Begin at the line containing "A Jackson man" and restate it and each line after it exactly, up to and including the last line below. Leave pictures out.

Data segment

[Start of Attachment]

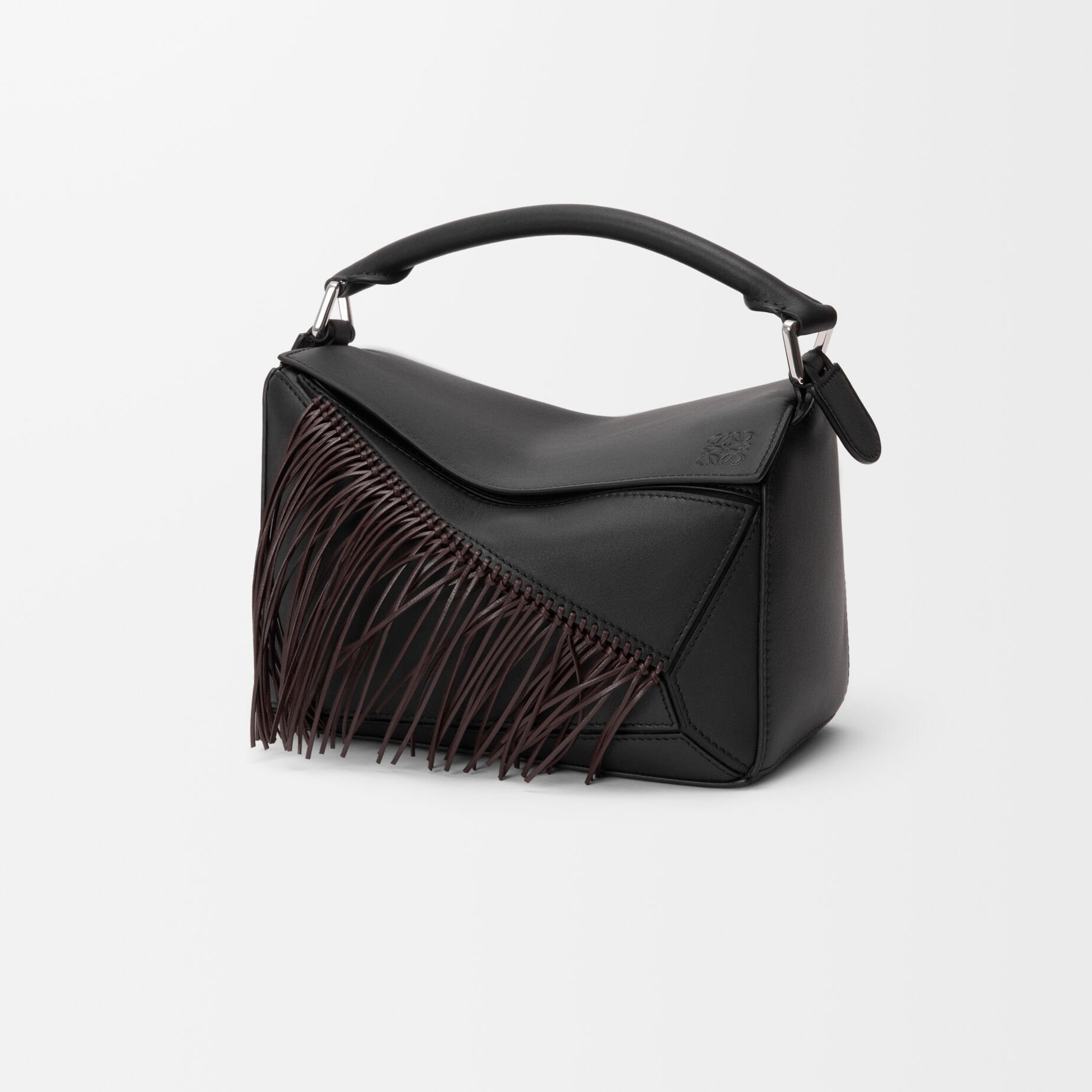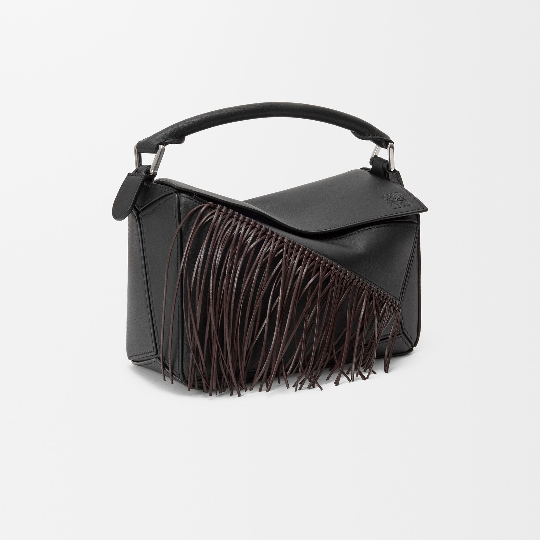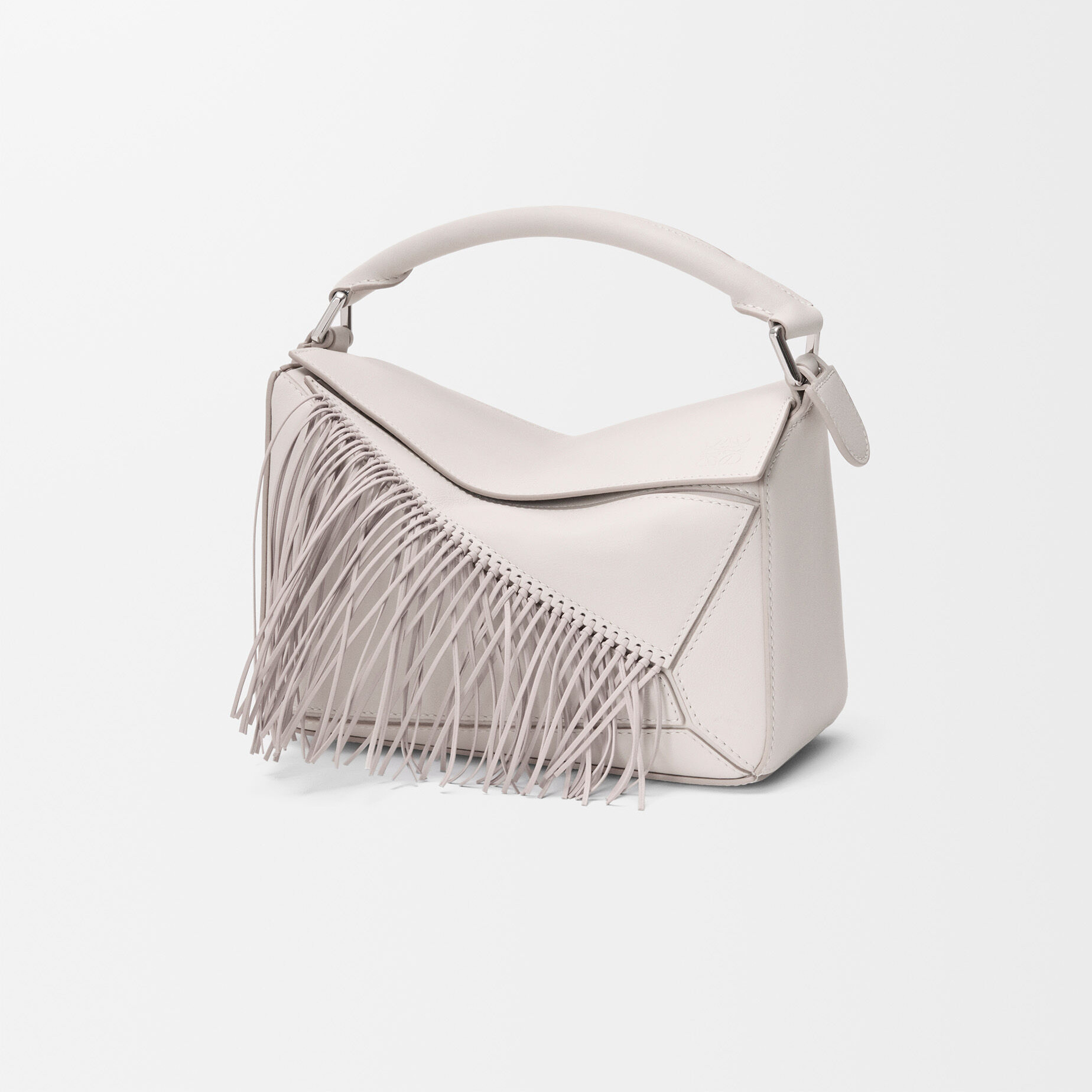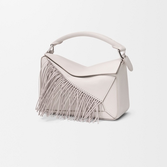 新春特别款 Fringe Puzzle 手袋以飞扬的马鬃为灵感,通过编织工艺在包身点缀纤长轻盈的皮革流苏。包包采用经典牛皮革制作而成,推出柔白色/浅轻灵灰和黑色/深栗棕色2种配色,让人联想到自由驰骋的骏马。
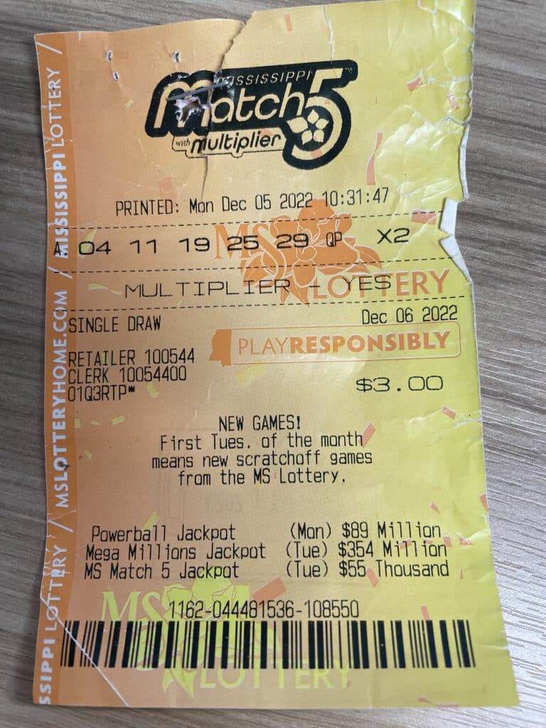 A Jackson man won $55,000 on a Mississippi Match 5 ticket from the Dec. 6, 2022, drawing purchased from Thind Bros on Beasley Rd., Jackson.
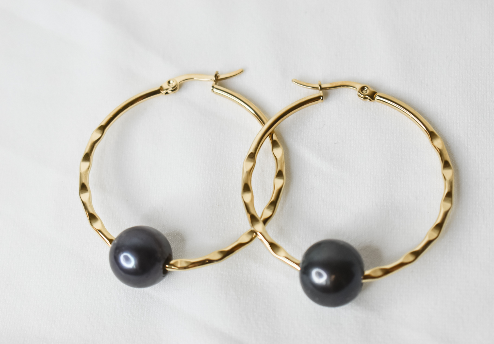 A timeless classic piece for your jewelry wardrobe, Layla pearl hoop earrings feature smooth genuine black pearls and high-quality 14k goldfilled hammered hoop earrings. Simple and perfect gift idea for her.

[End of Attachment]

Your solution
 A Jackson man won $55,000 on a Mississippi Match 5 ticket from the Dec. 6, 2022, drawing purchased from Thind Bros on Beasley Rd., Jackson.
 A timeless classic piece for your jewelry wardrobe, Layla pearl hoop earrings feature smooth genuine black pearls and high-quality 14k goldfilled hammered hoop earrings. Simple and perfect gift idea for her.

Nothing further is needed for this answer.